Harry Punch had a theory about certain people who got to a level of fame because of inherent talent or sparks then they had to self-actualize without benefit of the fame machine—people like Jonathan Richman, who turned down rock stardom as a young man and was still making great albums yearly near seventy, or Tom Green, who was currently filming his extended road trip through the west with his dog. They were anti-famous. Bill Murray didn’t qualify for this category, being world-famous, nor Jim Carrey, though he came close. Andy Kaufman didn’t live long enough quite, but sure.
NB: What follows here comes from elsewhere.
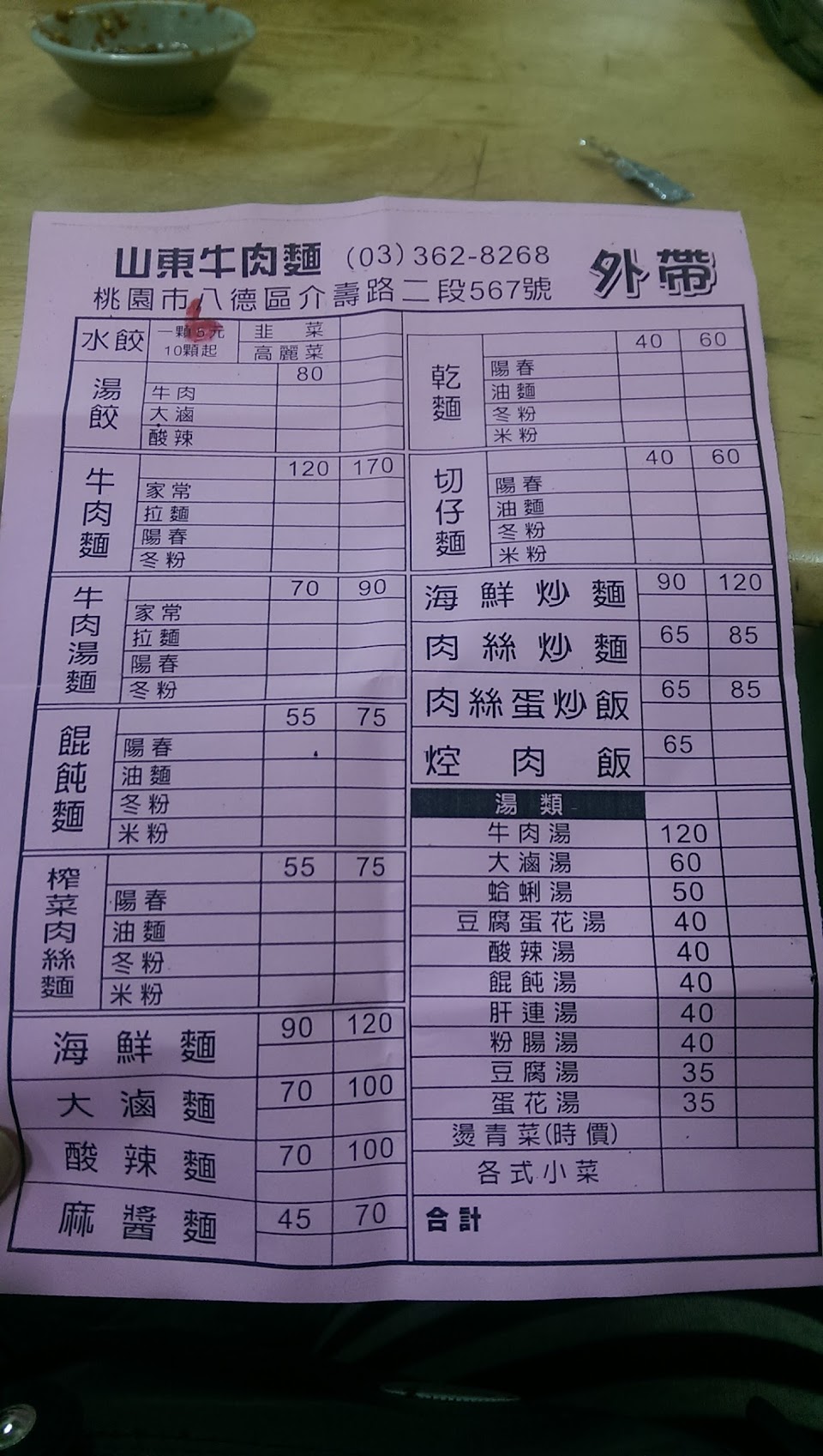 2024最新在地推薦餐廳的菜單_山東牛肉麵的菜單、圖片
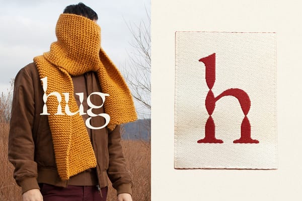 De brand identity die Adam Lowe ontwierp voor Hug valt helemaal samen met de missie van het wollen sjalenmerk: the search for warmth. Warmth is ook de naam van het custom typeface dat zo mooi refereert aan de handmade knitwear. Fantastisch voorbeeld van expressive branding, als tegenhanger van het generieke minimalism dat je overal ziet.

Harry couldn’t think of any female examples of the principle, maybe Laurie Anderson. The same thing happened when he tried to write a speech on Holy Fools, then he thought of a few female ones, but they’d been abuse victims with hearts made weird by fear, like Miss 45, which showed the hard lot given women by society.

Bill Murray was known to show up unexpectedly in weird places all over this land doing things like washing dishes at a party or guest kicking in a soccer game, forever pursuing his lifelong Zen self-relaxation ambition. Years ago there was a rumor he lived in Denver and Harry thought he saw him taking a piss beside a house he was walking past near 12th and Washington and called, “Hey, Bill!” but whoever it was scampered off into the bushes. There was a period of uncertain length where this character might show up anywhere, having cracked the code of what to do with fame like hardly anyone before him: use that power to go around dispensing koans.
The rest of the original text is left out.